The PDF is non-negative everywhere, and the total area under the curve over all possible values of the random variable must equal 1. Hence, if you're given a PDF like \(f_Y(y)\), calculating probabilities for a specific range involves setting up an integral.

Integration by Parts is a method derived from the product rule for differentiation, and it’s useful for integrating products of functions. The formula is:
\[\int u \, dv = uv - \int v \, du\]
Here, \(u\) and \(dv\) are parts of your integrand that you choose based on what makes the problem easier.

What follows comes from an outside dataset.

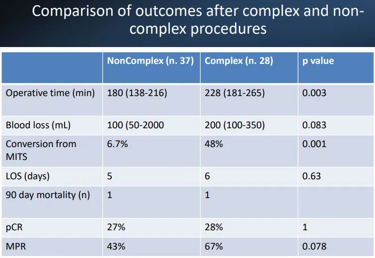 2025 ELCC发布的研究结果显示,在65名接受化疗-纳武利尤单抗后手术切除的患者中,最常见的手术是肺叶切除术(86%)。共有28例(43%)手术被归类为复杂。复杂手术病例的中位手术时间为228分钟,而非复杂病例的中位手术时间为180分钟(p=0.003)。53例患者初始手术选择微创手术,复杂病例转开放手术率为48%,而非复杂病例转开放手术率为6.7%(p=0.001)。

Often, using this technique makes it more straightforward to tackle complex integrals, especially when dealing with probability and PDFs.- **Choosing \(u\) and \(dv\):** A common mnemonic is LIPET (Logarithms, Inverse Trig, Polynomials, Exponential, Trig) to help decide which part of the integrand to differentiate and which to integrate.
- **Application:** In probability problems, integration by parts helps transform expressions involving cumulative distribution functions into simpler integrals of the PDF times the variable, as seen in the exercise where the expectation was converted into an integral involving the PDF.

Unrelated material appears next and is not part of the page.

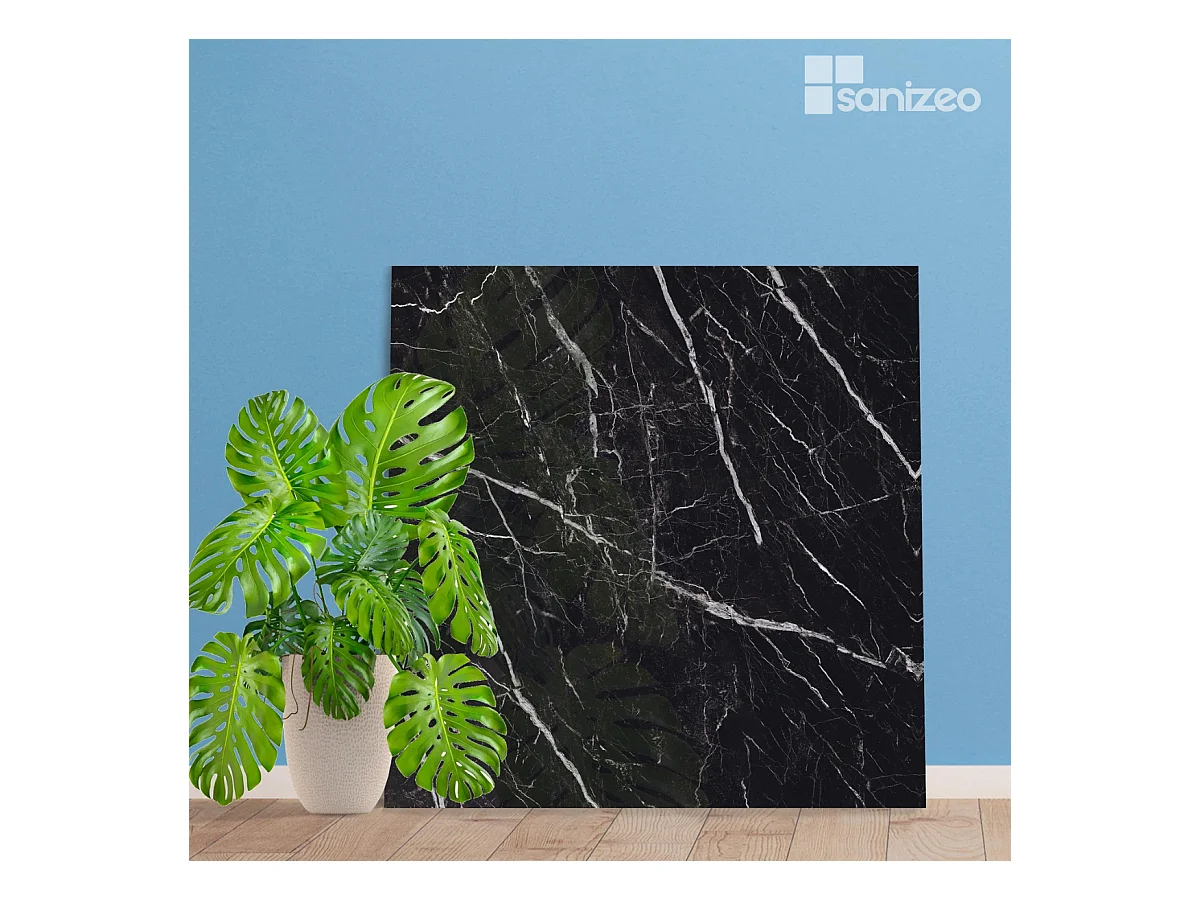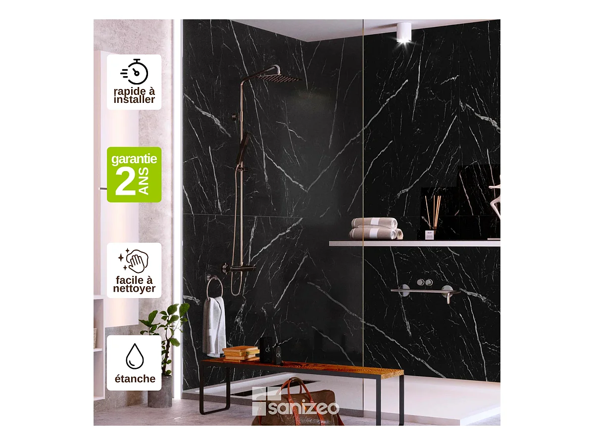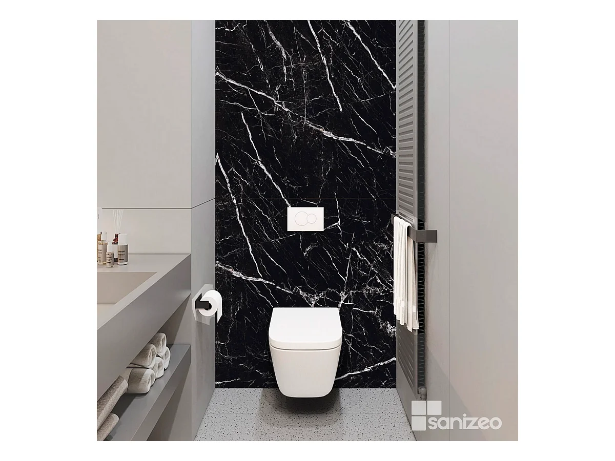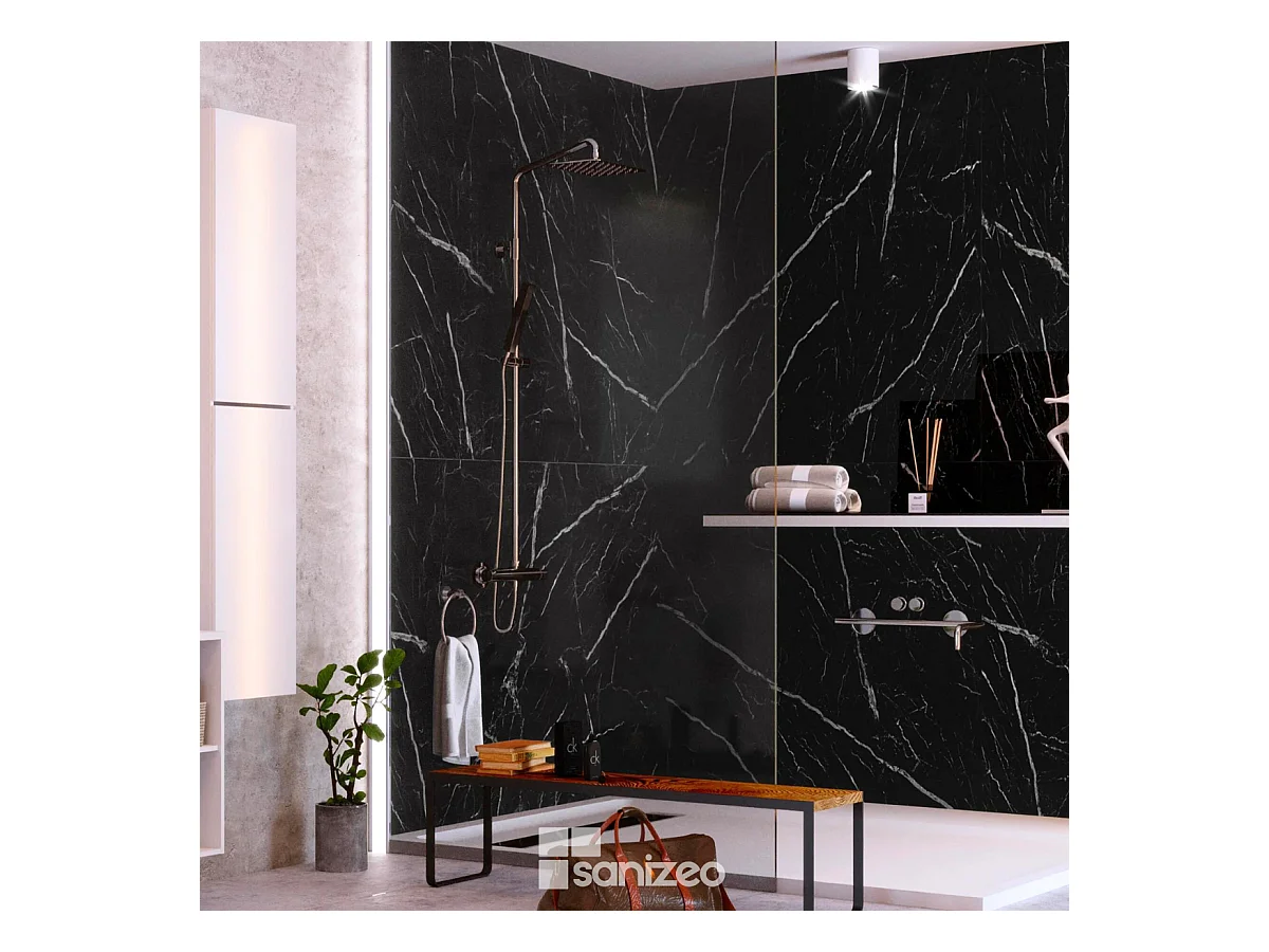 Lot de 2 Panneaux d'Habillage pour Douche et Baignoire, L120*l120*0.4 cm, effet marbre noir, Infinite Black by SANIZÉO

Understanding this tool can significantly streamline the process of finding expectations and other results when working with continuous distributions.

A Cumulative Distribution Function (CDF) denotes the probability that a random variable takes on a value less than or equal to a given point. It’s a non-decreasing function that ranges from 0 to 1.
For a continuous random variable:\(F_Y(y) = P(Y \leq y)\)
This describes the accumulation of probabilities up to a certain point, giving the 'running total' of probability.
- **Properties of CDF:** The function starts at 0 (not exceeding any value) and approaches 1 as it encompasses all possibilities of the random variable. It allows for finding the probability of a random variable lying in an interval \([a, b]\) by evaluating \(F_Y(b) - F_Y(a)\).
- **Relation to PDF:** The PDF is the derivative of the CDF with respect to y. Thus, one can find the CDF by integrating the PDF over the desired range.
In exercises like the given problem, understanding how to use the CDF is crucial, especially as it relates to converting probabilities involving cumulative probabilities into expectations or other statistical properties.